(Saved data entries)
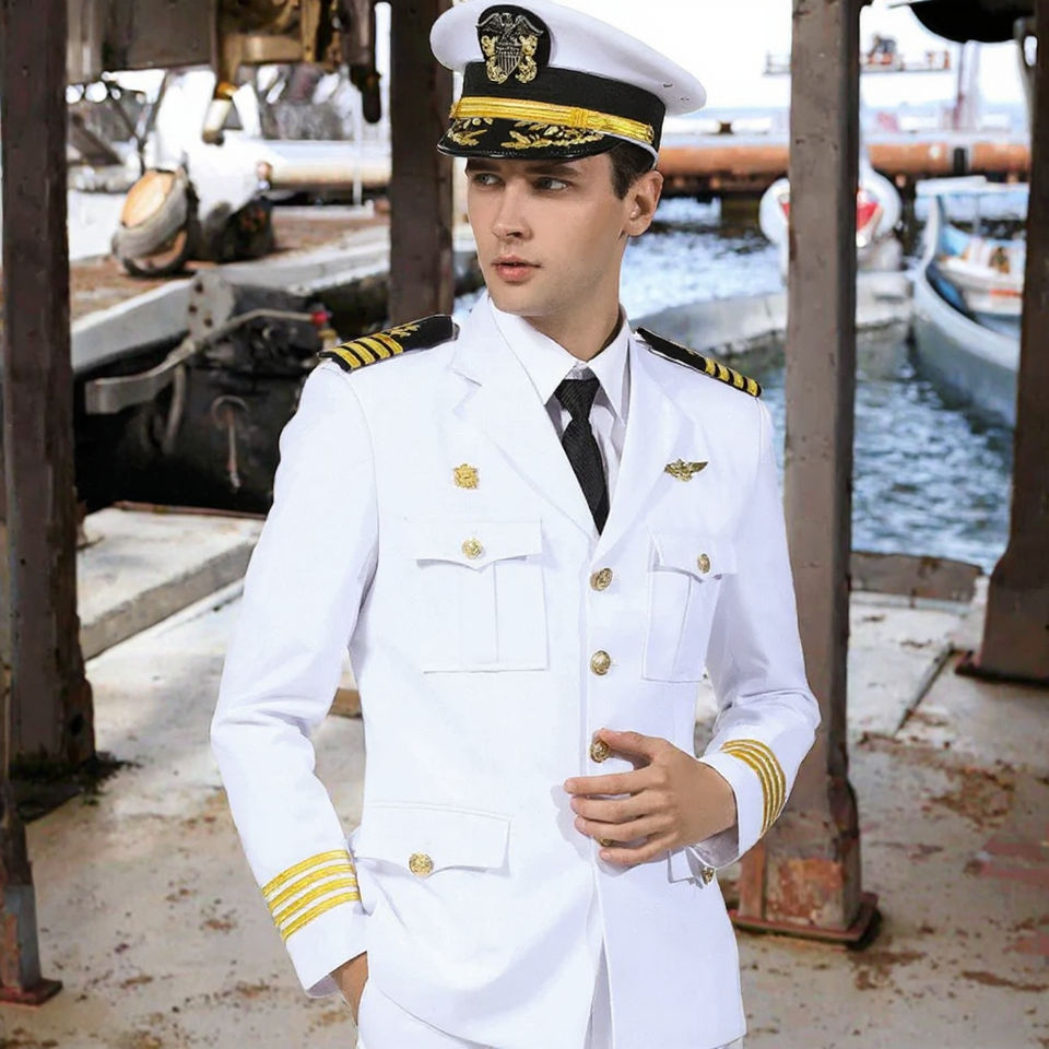 Costume professionnel de capitaine marin, uniforme de garde de sécurité, costume d'affaires, costume de pilote de film et de télévision, veste de performance de marin
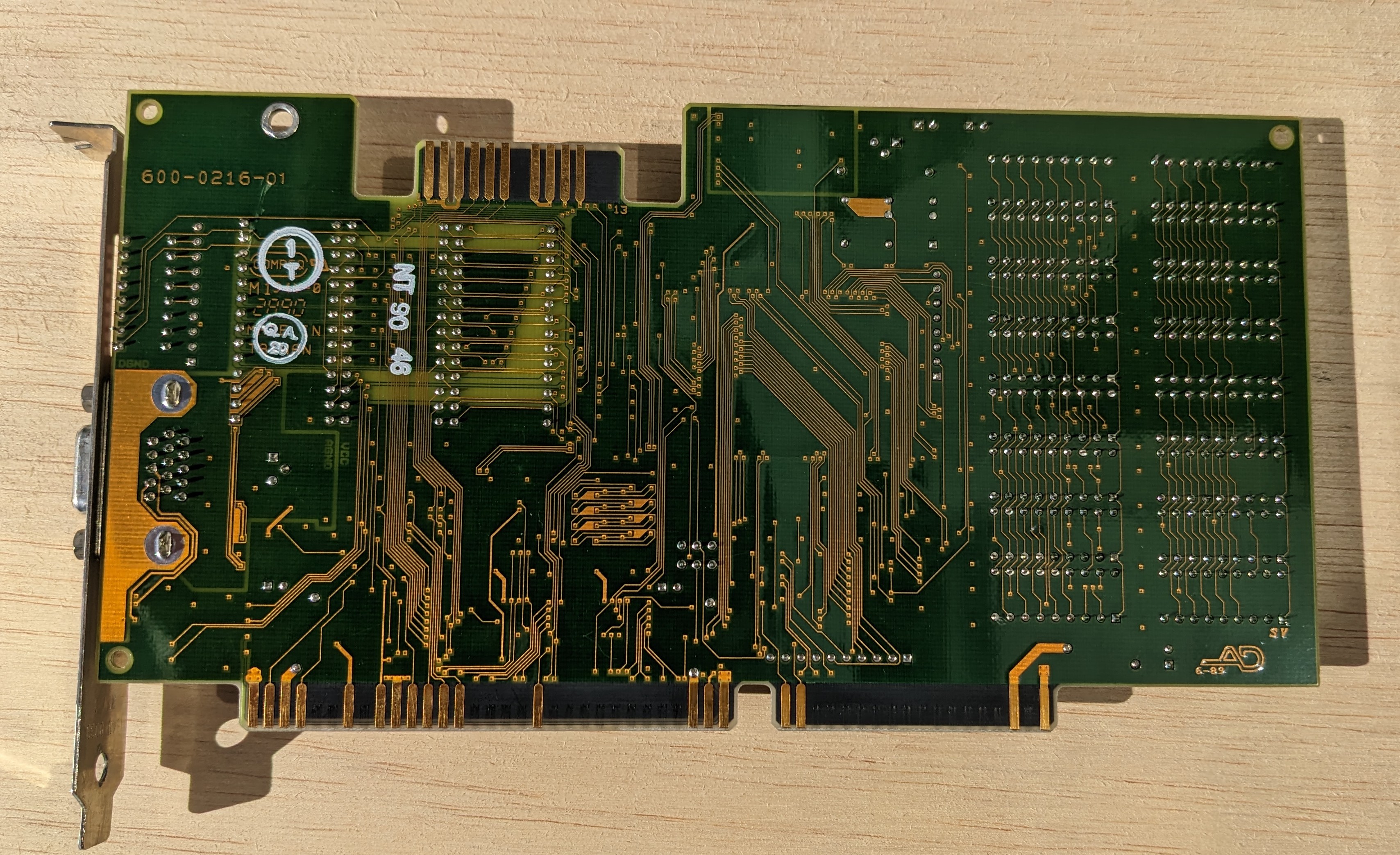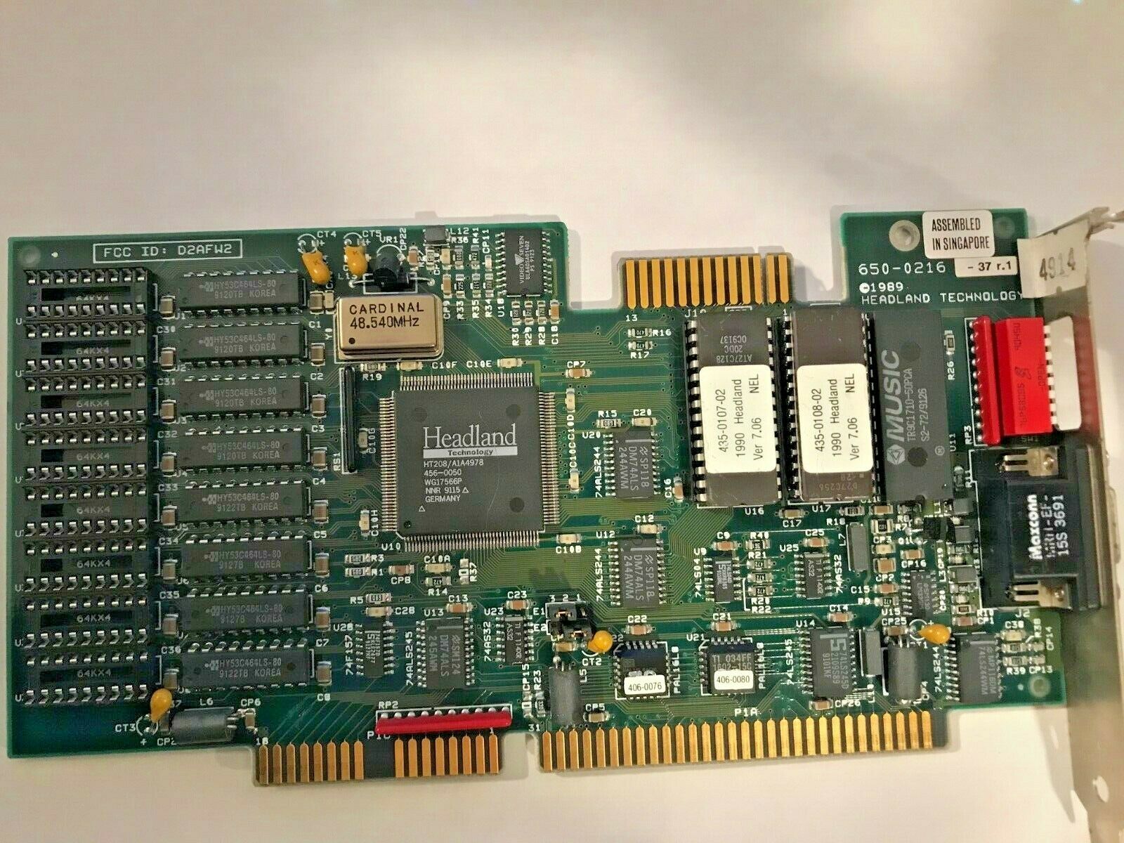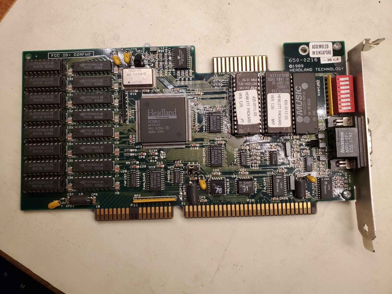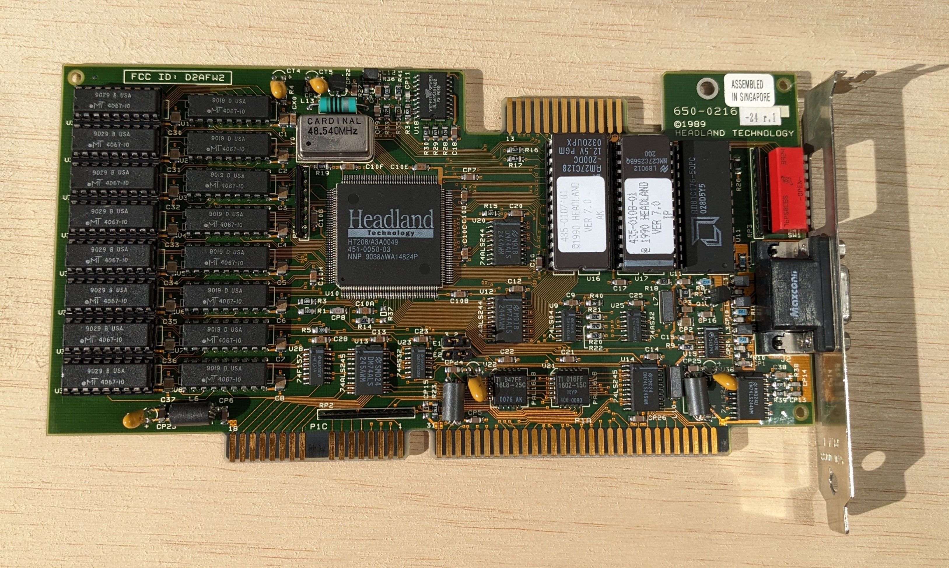 Part #: 650-0216-23 r.1 Main Chip: Headland HT208 dated Week 34, 1990 RAM: 512 KB (256 KB of Samsung KM41C464 (100ns) in bank 0 and 256 KB of Mosel Vitelic V53C464AP (70ns) in bank 1) DAC: AMD Am81C176 50 MHz BIOS Chips: v7.0 AMD Am27C128 (16 KB) v7.0 National Semiconductor NMC27C256 (32 KB) |
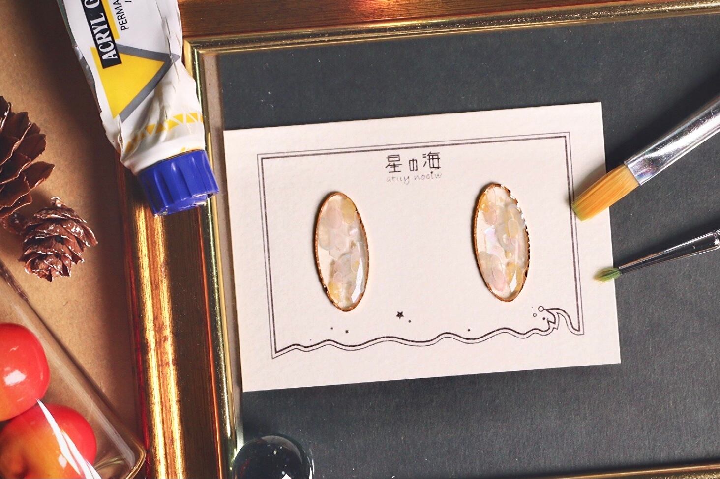 細長いピンクゴールドのオーバル枠には白く大きなシェルを敷き、周りに小さなクラッシュシェルを敷き詰めることでミステリアスな雰囲気に。
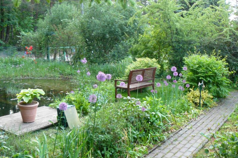 Am großen Teich gibt es verschiedene Sitzplätze... unter anderem ein kleine Bank und eine Hängematte, gerade wegen des Regens außer Betrieb. Und außerdem sehr vielfältigste kleine Gehölze und Stauden.
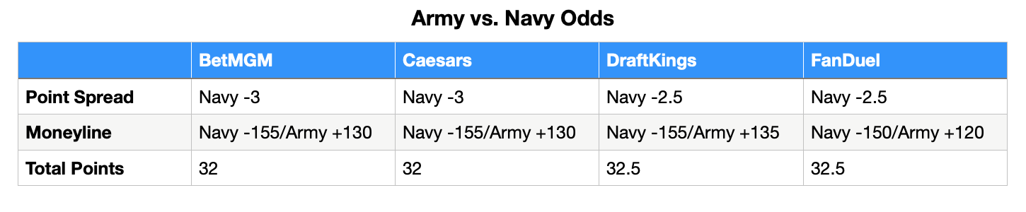 Oddsmakers don’t believe Army and Navy will be a high-scoring affair, setting the total at a nearly historic low. According to ESPN Stats & Info, only the Iowa-Minnesota game from this season featured a lower over/under – 31.5 points – of any game offered in the last 20 years.
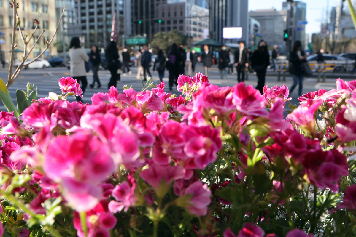 꽃샘추위가 찾아온 7일 오전 서울 광화문 사거리에서 출근길 시민들이 발걸음을 재촉하고 있다. 뉴스1
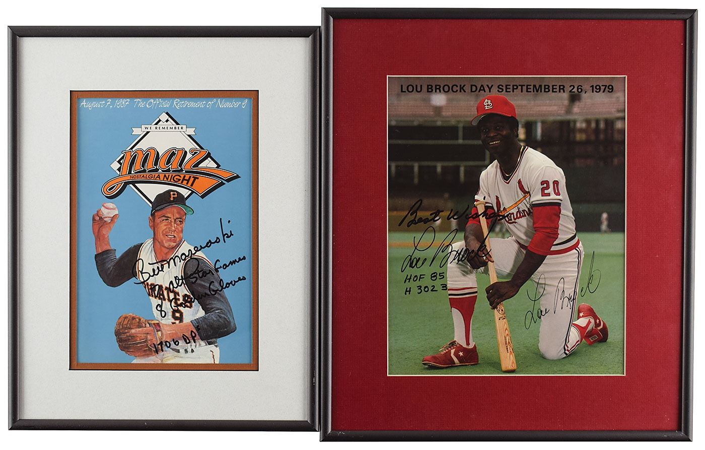 Two programs: one for Lou Brock Day on September 26, 1979, signed in black felt tip, "Best wishes, Lou Brock, HOF 85, H 3023," with a facsimile signature to the lower right; and one for Maz Nostalgia Night on August 7, 1987, signed in black felt tip, "Bill Mazeroski, 7 All Star Games, 8 Golden Gloves, 1706 DPs." Brock is double-matted and framed to an overall size of 12 x 14, and Mazeroski is double-matted and framed to an overall size of 10 x 13 (both using UV-protectant glass and acid free mats). In overall fine condition.

● Task instructions:
Copy only this, please: the line with "꽃샘추위가 찾아온 7일" and every line after it through the end of the data, with no pictures.

● Reply to the task:
 꽃샘추위가 찾아온 7일 오전 서울 광화문 사거리에서 출근길 시민들이 발걸음을 재촉하고 있다. 뉴스1
 Two programs: one for Lou Brock Day on September 26, 1979, signed in black felt tip, "Best wishes, Lou Brock, HOF 85, H 3023," with a facsimile signature to the lower right; and one for Maz Nostalgia Night on August 7, 1987, signed in black felt tip, "Bill Mazeroski, 7 All Star Games, 8 Golden Gloves, 1706 DPs." Brock is double-matted and framed to an overall size of 12 x 14, and Mazeroski is double-matted and framed to an overall size of 10 x 13 (both using UV-protectant glass and acid free mats). In overall fine condition.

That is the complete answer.